GALVESTON, Texas (Aug. 29, 2014) – A quick look at the diverse engineering projects headed by the U.S. Army Corps of Engineers was all it took to convince a young engineering graduate wanting to make his mark in the profession that this is where he needed to be. However, the career path for Department of the Army (DA) Civil Engineer Intern Tom Brauer, who entered the Corps 18 months ago through the DA Intern Program, wasn’t always this clear.
Originally entering college with every intention of using his natural abilities in art and design to become an architect, Brauer’s love of math and science over-rode these abilities and he found himself changing his major in his sophomore year, noting that the switch to becoming an engineer wasn’t completely without precedence.
“My grandfather on my dad’s side of the family was a civil engineer working for the U.S. Geological Survey and later the CSX railroad,” said Brauer.
As a DA intern, Brauer participates in special developmental assignments around the Corps that provide him with knowledge and experience he can use to assist his colleagues in the H&H Division. Currently on assignment at the Environmental Research and Development Center (ERDC) in Vicksburg, Miss., Brauer is working on a sediment management optimization tool, a navigation data analysis project and a Dredged Material Management Plan Sustainability Study.

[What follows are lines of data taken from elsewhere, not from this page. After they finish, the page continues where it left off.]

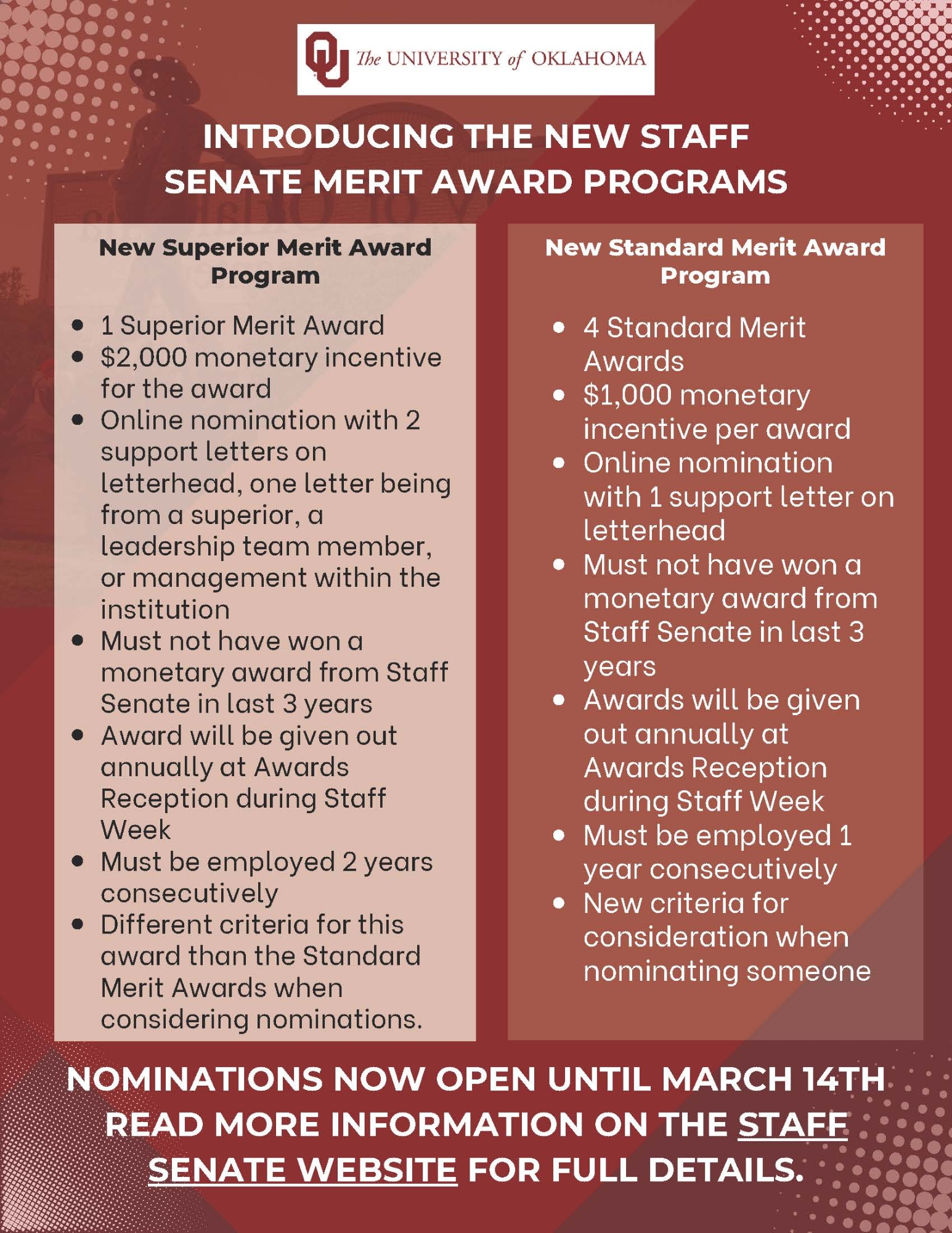Link to more information on the eligibility & criteria for each award program: Tulsa Staff Senate Merit Awards Programs
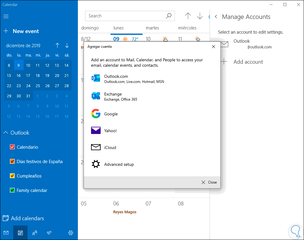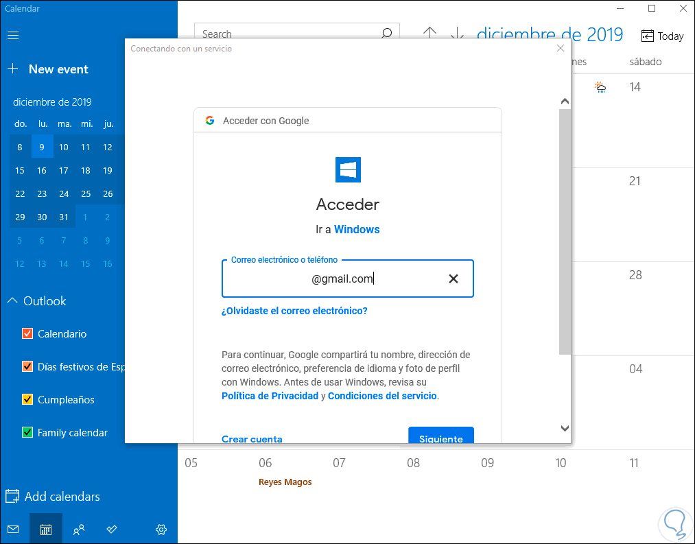 4. Cómo crear un calendario o vincular una cuenta en línea en Windows 10
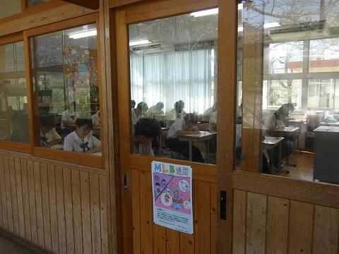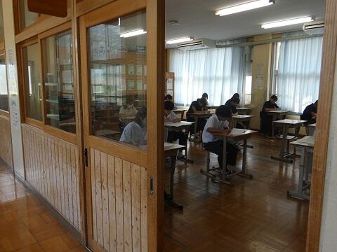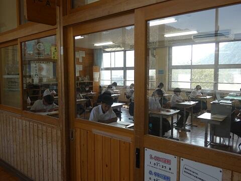 テスト中だったので廊下から生徒達の様子を撮影しました。生徒の様子もいろいろで、前のめりになって鉛筆を動かす生徒もいれば、鉛筆を机に置いて腕を組み、落ち着き払ったようにテストを読み込む生徒もいました。それぞれの生徒が自分なりに頑張っていました。

“Tom has shown exceptional ability with hydrodynamic modeling,” said Rob Thomas, chief of the H&H Division and Brauer’s supervisor. “His work demonstrating the capabilities of RAS2D (two-dimensional modeling) enabled him to help develop new modeling methodologies. He has also shown incredible initiative, resulting in a developmental assignment to ERDC-Coastal & Hydraulics Laboratory to upgrade systems that will enable engineers, planners and operators to better plan and manage navigation projects.”
When asked what he likes most about his work, Brauer noted that he enjoys the challenging nature of the projects and tasks he is assigned to assist with.

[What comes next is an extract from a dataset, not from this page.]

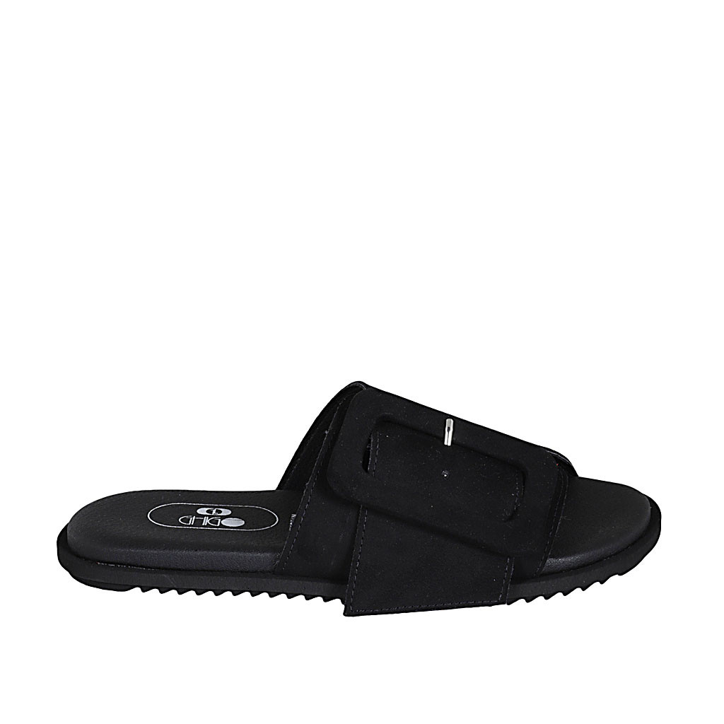 Sabo para mujer en gamuza negra con hebilla cuña 1 - Tallas disponibles:  32, 34

“I enjoy being given a difficult problem and applying my technical skills to develop a solution,” Brauer said.
No stranger to challenges, Brauer’s dedication overlaps in his personal life in the form of distance running – a passion that began in high school while a member of the cross country team and perfected over the years as he transformed into an elite marathoner.
In January 2014, Brauer ran the Houston Marathon and finished 67th overall with a time of 2:50:35. In May he traveled to Boston for his 8th marathon, pushing himself to run his 3rd Boston Marathon at a personal best time of 2:49:08.
News of his Houston Marathon accomplishment reached USACE Headquarters and the USACE Chief of Engineers and Commanding General of the USACE, Lt. Gen. Thomas Bostick, sent him a congratulatory letter that read, “Truly amazing! Thank you for serving as an intern with the Galveston District. We’re fortunate to have you on our team.”
Scheduled to graduate from the DA Intern Program in December 2014, Brauer is hoping he will remain in the USACE Galveston District as a civil engineer but adds that wherever the Army sends him, he’s happy he chose an engineering path and a career with the Corps.
A Florida native, Brauer earned both his Bachelor of Science in Civil Engineering (2010) and his Master of Engineering degrees in Civil Engineering-Hydrology and Water Resources (2011) from the University of Florida. When not working or training to break a five-minute mile he is either teaching Bible study at Coastal Community Church in Galveston or can be found exploring the outdoors on his mountain bike, kayak or sailboat.